Ce qui m’a paru très intéressant, c’est que si au bout de deux minutes de son, on a facilement repéré à quel personnage correspond chaque voix, le fait que les témoignages se mêlent, fait que l’on se retrouve à faire des liens entre eux ou avec nous même. Comment s’est passé le montage ?
Ça été très compliqué. Beaucoup plus que je le pensais. Ils sont quatre. C’était des conversations de deux heures. Il y avait donc beaucoup de rushes à écouter et trier. Ce qui a été le plus difficile, c’est par exemple que pour Antonin, tout était intéressant dans ce qu’il disait. Il fallait donc trouver la phrase qui en résume trois autres.
Ensuite il y a l’articulation entre les témoignages. Je me suis mise devant mon ordinateur sans avoir rien écrit. C’était au fil des écoutes que je me disais : « Tiens cette phrase là est très forte. Je vais la mettre au début » et ainsi de suite.

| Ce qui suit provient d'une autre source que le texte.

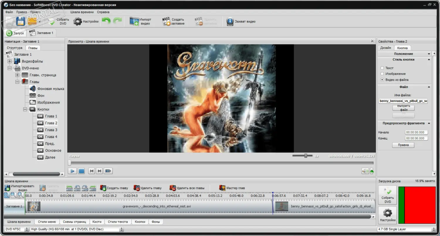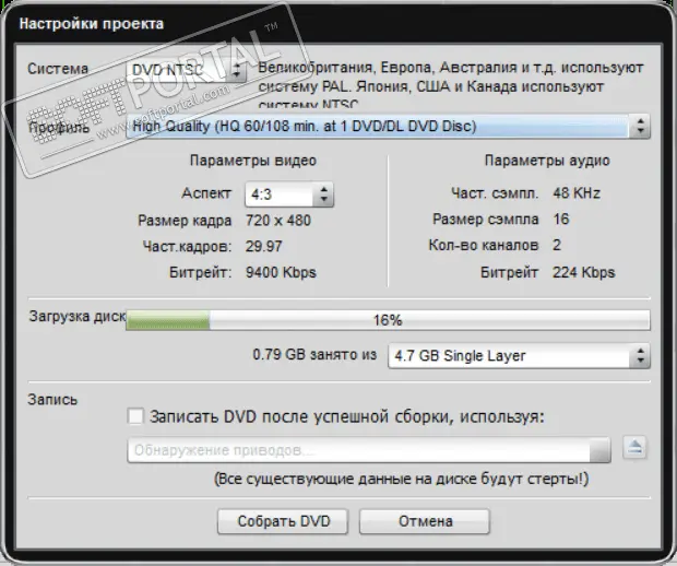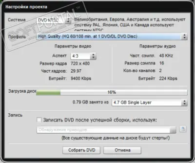 Запись готового проекта на DVD прямо из программы.
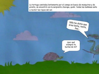 La historia trata sobre una tortuga y una serpiente charapa. La serpiente constantemente se burla de la tortuga llamándola lenta, tonta y fea. Más adelante, la serpiente queda atascada en las ramas y pide ayuda a la tortuga, pero ésta se niega. Al final, la tortuga salva a la serpiente comprendiendo que las palabras pueden herir, y desde entonces la serpiente aprende a no burlarse de los demás.
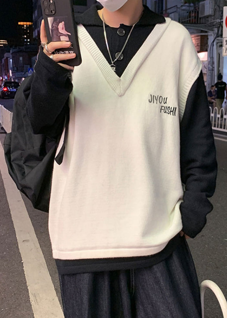 Art Beige Embroideried Cozy Patchwork Knit Men Sweater Spring
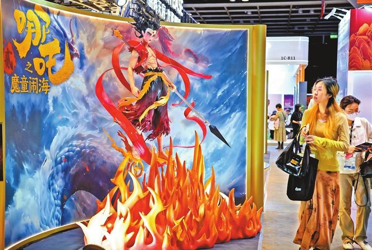 어제 홍콩 컨벤션전시센터에서 방문객들이 애니메이션 영화 「나타 2」의 캐릭터 ‘나타’를 주제로 한 전시물을 지나가고 있다. 같은 날 이곳에서는 제30회 홍콩 국제 영화·TV 마켓(FILMART)과 제4회 엔터테인먼트펄스 포럼이 개막했다.
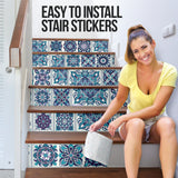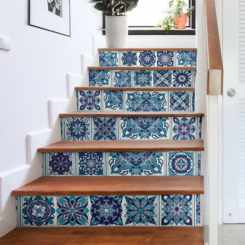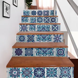 Luxurious Home Decor Rare Blue Mandala Mosaic Style Stair Stickers (Set of 6)

C’était comme pour les entretiens où je venais sans question.
Ce qui était aussi délicat, c’était de ne pas trahir la personne. De respecter leur parole. Il y avait parfois des enchainements qui leur faisaient dire tout autre chose que ce qu’ils voulaient dire. Il a fallu être attentif à ça et résister à certains raccourcis. Accepter de ne pas tout mettre aussi.
Est ce que tu as eu des retours sur ton œuvre ?
Je n’étais pas été très présente sur le site mais j’étais là au vernissage. Il y avait beaucoup de monde. Je me suis glissée dans la salle anonymement. J’ai été très touchée par le nombre de personnes qui remplissaient la salle et par le fait que les gens restaient assez longtemps même dans une ambiance qui ne s’y prêtait pas vraiment. C’était très très émouvant.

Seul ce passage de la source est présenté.